Healthy Baked Chicken Parmesan

3 large eggs
1.5 cup shredded mozzarella
1.5 cups marinara sauce
Breading Mixture
1 cup whole wheat bread crumbs unseasoned
½ cup parmesan cheese
¼ teaspoon pepper
2 teaspoons dried basil
2 teaspoons dried parsley
instructions
Butterfly and pound chicken breasts.To do this, slice the chicken breasts in half lengthwise (like a book!). Place in between plastic wrap and use a meat tenderizer to pound the chicken until it is about ¼ inch thick. This is important and skipping this step will result in undercooked, tough chicken.

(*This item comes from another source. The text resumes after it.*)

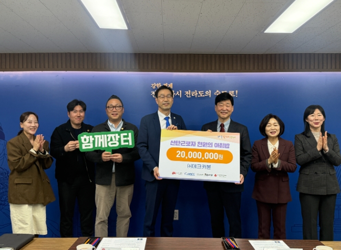 ㈜데크카본은 19일 전주시청을 찾아 ‘산단 근로자 천원의 아침밥 사업에 사용해 달라며 기부금 2000만 원을 전주시에 전달했다.

You should wind up with 6 cutlets.
Preheat your oven to 425 and prepare a parchment lined baking sheet.
Set out 3 large shallow bowls.
In the first bowl add whole wheat flour.
In the second bowl, crack and whisk eggs
In the third bowl mix together bread crumbs, parmesan cheese, salt, pepper, dried basil and dried parsley.
Form an assembly line with your bowls. Take your chicken cutlet and cover in flour, then dip in egg, then dip in the bread crumb mixture. You can press gently to make sure the cutlets are coated. Repeat for all cutlets.
Place breaded cutlets on a baking sheet. Bake at 425 for 15 minutes, flip the cutlets and bake for another 15 minutes.
After the chicken has been baking for 30 minutes, top each cutlet with about ¼ cup tomato sauce and ¼ cup shredded mozzarella. Return to the oven and set to broil for about 2 minutes until the cheese is melted.
Serve over pasta or a salad.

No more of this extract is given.